I’ve lost my desire for golf and can’t even stand to look at my clubs. There’s a little PTSD going on there, for sure – every time I pick up a club I think of being in Vegas and getting called by work, and I can almost feel my skin getting rashed and my speech slurred again. I just can’t deal with it right now. Can’t even watch it on TV without starting to feel the heebie-jeebies coming on. So I might just leave the clubs on the sidewalk, say the hell with it, and tell the Goodboys to go on without me. They’ll do OK.
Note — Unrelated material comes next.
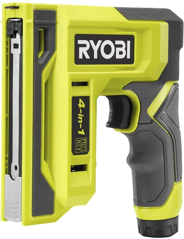 RST4-0 z serii Ryobi to akumulatorowy zszywacz, który pasuje do czterech różnych zszywek i gwoździ. Z końcówką do bezpiecznego zszywania.
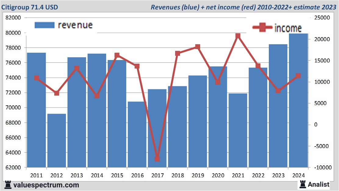 Morgen gaat Citigroup haar resultaten over het afgelopen kwartaal naar buiten brengen. Volgens de meest recente rondvraag aan de analisten komt de totale omzet van het bedrijf uit New York dit jaar uit op 80.96 miljard dollar. Dit is beperkt meer dan de omzet over 2023 toen het bedrijf 78.47 miljard dollar binnen kreeg.

Fortunately, I’ve found a great deal of solace in George Harrison’s Living In The Material World – a classic in every sense of the word – most especially “Be Here Now” and “That Is All” with its memorable lyric:
Silence often says much more than
trying to say what’s been said before
I guess the whole point of this post is that there is no point to it at all. It’s a warm night, the wind chimes are working overtime in the southerly breeze, and it was nice enjoying a pinot grigio while watching the clouds slide south to north overhead. I’m living in a state of limbo that I’ll simply wait patiently to pass. Is it a “dark night of the soul”, as my man St. John of the Cross called it? I look at the kinds of decisions we’re trying to make for my dad and see in them only the kind of decisions waiting to be made for me twenty years down the line. You think twenty years is a long time, but I can remember clearly what was going on in my life back in 1998 – we were getting ready to move to Louisville – and it doesn’t seem very long ago at all to me. Fact is, twenty years from now everything will be gone – perhaps more than I can imagine right now – and there will little point in any of it. But I’ll still soldier on.
Harrison was right in one very simple and straight-forward observation about life: all things, must indeed, pass. And, as he so eloquently sang, Beware of Darkness. Because that’s where it’s at right now.